On the other hand in context of CRMs, helpdesks and other things that have to process received emails and then show them in web interface this gets hairy because escaping on output while correctly handling variously weird or outright broken input is non-trivial. For example every helpdesk solution I've seen gets confused by some combination of nested MIME (ie. email with attachments forwarded with additional attachments) and notionally non-text email bodies (ie. bounces from Postfix).
[Edit: and in this case storing whatever was on input without any transformations and sanitisations enables you to recover the content WHEN (not if) the breakage occurs, by either manually examining the input or, in the email case, importing it into desktop MUA. I even had once to do this with message that was unreadable in otherwise surprisingly well-behaving gmail's web interface]
my view would be 'escape on output' is always better, regardless. there may be reasons I'd want to keep it in there - for analysis, to prove someone was trying to be malicious, or perhaps to demonstrate there's actually a real problem getting past some input mechanisms.
However, the 'defender' in me can think of a situation where this would be good:
Input filtering mechanisms have improved to deal with new attacks/problems, but old data is not 'new input', so you'd apply the updated algorithms to existing data.
I guess my thinking is that should be part of the upgrade or update process - whenever antiXSS rules are changed, they are applied at that time.
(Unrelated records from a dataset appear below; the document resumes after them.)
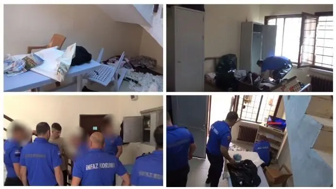 - dakika 45. saniyede mahpus, bir infaz koruma memuru tarafından “sen gel yukarı gel şeklinde” denilerek kamera alanından çıkarılmaktadır. Devam eden görüntülerde infaz koruma memurlarının eşyalara tekme atarak mala zarar verdikleri, 3. dakika 50. saniyeden itibaren aramanın rutin olmaktan çıkarılıp keyfi bir tahribata dönüştürüldüğü açıkça görülmektedir.
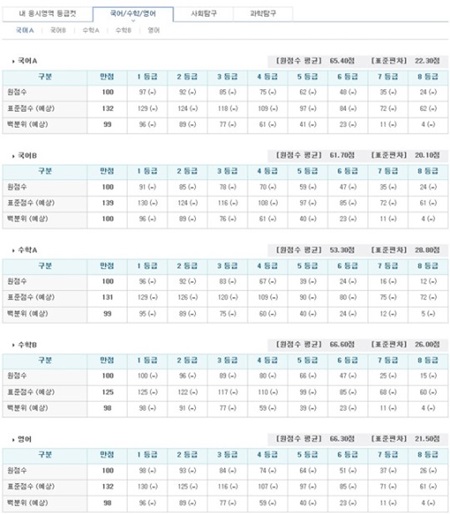 주요과목 1등급 커트라인은 국어 A형 129점, 국어 B형 130점, 수학 A형 129점, 수학 B형 125점, 영어 130점으로 조사됐다.
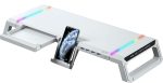 The multifunctional monitor stand features an integrated mobile phone and tablet holder, along with a storage compartment and RGB lighting, enhancing the organization and aesthetics of your desktop
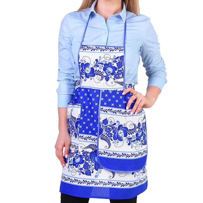 Фартук «Гжель», сувенирный, с карманом и полотенцем
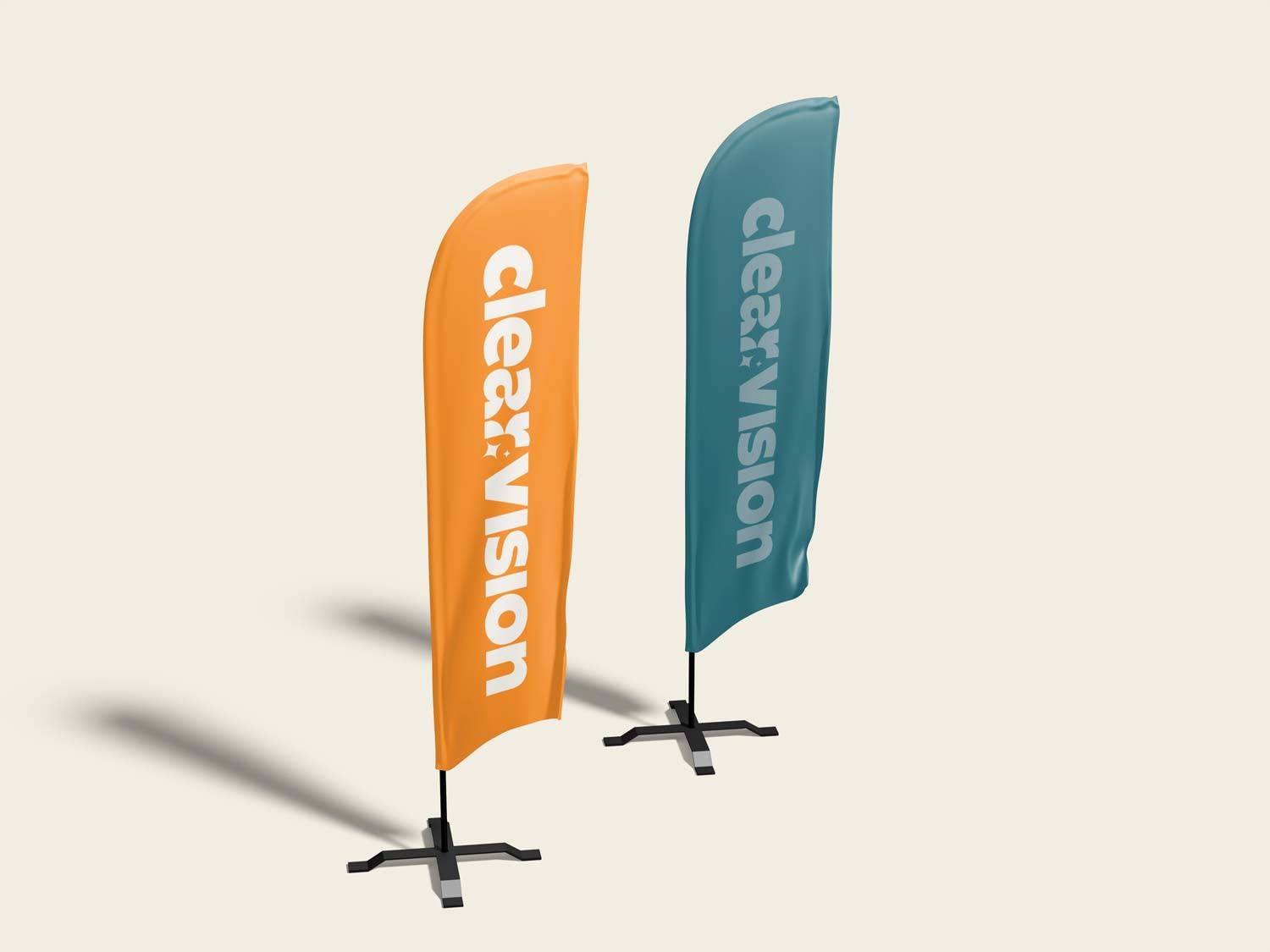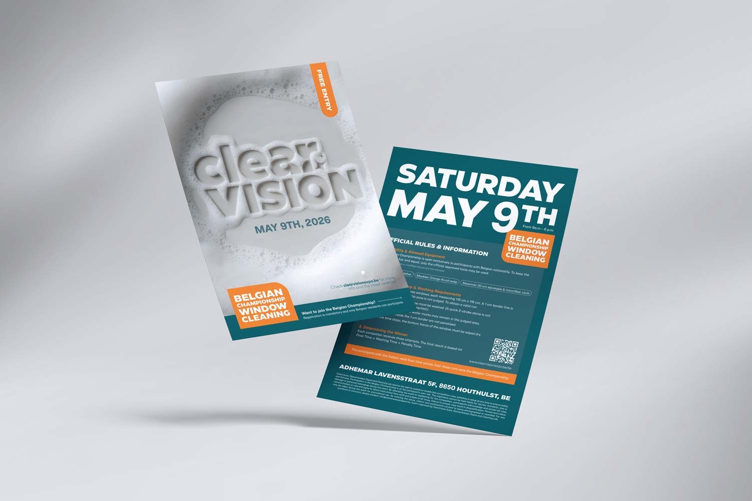 Voor Clear Vision werden verschillende grafische dragers uitgewerkt. De flyer werd opgevat als een informatief stuk dat breed verspreid kan worden, zowel via bestellingen bij Ramenwasser Depot als via exposanten zelf. Door bewust ruimte te laten voor een stempel of sticker van exposanten, wordt de flyer ook voor hen een bruikbaar communicatiemiddel. Daarnaast werden vlaggen ontworpen voor permanente inzet op het terrein, zodat Clear Vision ook fysiek zichtbaar en herkenbaar aanwezig is.

It's having this button there as if it's something you'd run for periodic maintenance that seems insane.
I'd definitely save input that breaks the rules when received, too - but maybe in a separate table.
XSS is a malicious version of the more general problem of not escaping user inputs. its much easier to escape on output rather than input as you can't really tell what's "acceptable". It's also more robust as out of band updates (say direct database updates of comments) get outputted correctly too.
If I have a comment forum with input filtering (rather than output escapong) I can't restrict it to just letters numbers and punctuation or the user's can't discuss HTML tags!
That makes sense. The objection I feel here is the inconsistency - why accept the input in the first place, only to delete it with this button? An above comment suggests rules may be updated over time, which could explain their thinking.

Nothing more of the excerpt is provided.